Audio/Video Latency and its Relation to Lip Sync
A history of audio and video latency from the engineering perspective of consumer electronics.
Now-obsolete analog CRT televisions and monitors would have less than a microsecond of latency between when a video signal arrived at the display and when that signal could be seen as light on the display.3 Audio amplifiers would have a similarly low latency. In this era of consumer electronics, the audio or video latency of a TV, monitor, or audio amplifier was negligible in almost all cases.
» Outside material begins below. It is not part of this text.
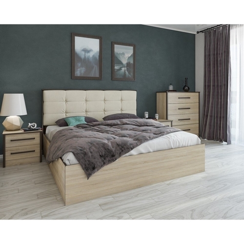 Особенности Спальни Лирика: Комплект состоит из двуспальной кровати и двух прикроватных тумб. Четкие геометрические формы и минималистичный дизайн. Матрас не входит в комплект и приобретается отдельно.
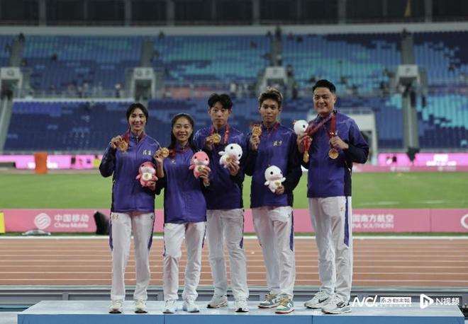 11月16日晚,十五運(yùn)會(huì)田徑比賽4×100米混合接力舉行頒獎(jiǎng)儀式。

Once digital display technologies such as LCD panels became widely used in TVs and monitors and digital audio standards such as audio over HDMI became prevalent, a delay caused by digital processing the input signal was introduced. This delay resulted in a much higher audio and video latency than analog devices of the past. A latency of greater than 100 milliseconds became common, even with digital devices that were given a digital input signal.4 This new technology, with higher audio and video latency, became problematic when real-time input from a user was represented as output on a digital display or amplifier. Some examples include computer usage, video games, and esports. Another problem relating to audio/video synchronization (lip sync) arose when a setup may have a separate audio system and television, each with different output latency.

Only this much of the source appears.